Choose your ribs
Although we tend to just think of pork ribs, you actually have a lot of options when choosing which ones you’d like to cook. Opt for easy to find pork spare ribs, which are cut from the belly and have a high amount of meat and fat and very little bone. Otherwise, American-style back ribs are fast to cook and give you a higher ratio of bone, which, some believe, equals better flavour. You can also ask your butcher to order in beef short ribs and lamb ribs to make heartier dishes that suit the cooler weather.

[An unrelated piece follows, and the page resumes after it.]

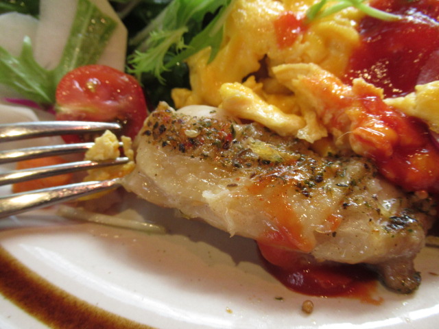 その下にはぷりぷりのハーブチキンが隠れていましたv

It’s all about the marinade
When it comes to rib marinades there are two main schools of thought: American-style of Asian-inspired. Here, you can choose between sweet tomato mixed with tangy barbecue sauce, or plum and soya blends. One thing both have in common is a mix of salty and sweet, which can be achieved with some of these classic flavour combinations:
- Brown sugar, tomato sauce, apple cider vinegar and chilli sauce
- Brown sugar, chilli powder, smoked paprika, cider vinegar and garlic powder
- Brown sugar, barbecue sauce, beef stock, chilli powder
- Dijon mustard, barbecue sauce, chilli powder and brown sugar
- Soy sauce, palm sugar, sesame oil, garlic and ginger
- Soy sauce, mustard powder, smoked paprika, tomato sauce andbrown sugar
Cook them on the barbecue
This is the traditional method of choice for classic American ribs, delivering a flavourful result in a fraction of the time. Here, you’ll find those who believe the meat needs to be simmered in hot water before barbecuing, and those that believe all they need is plenty of time in a good marinade. We’ve gathered together recipes for both, but we will say, whichever one you choose, try keeping a little of the marinade aside to baste them while they cook. This way you’ll have ribs that caramelise on the outside and cook through on the inside.
Cook them in the oven
When it comes to cooking ribs in the oven the general rule is low and slow. Try marinading your ribs for at least 24-hours before popping them into a low oven to gently cook. If you’re worried about them taking on too much colour, place them under a foil tent for at least the first half of the cooking, then remove the foil to let them colour towards the end. Also, don’t forget to keep your marinade to baste the ribs as they cook for the perfect colour, stickiness and flavour.
Cook them in the slow cooker
While it’s the newcomer to ribs cooking methods, we think the slow cooker takes the crown for the best method to cook these juicy morsels. If you’re worried about the final colour, try finishing the ribs on a hot grill or barbecue to give them that signature caramelisation and slightly smoky flavour.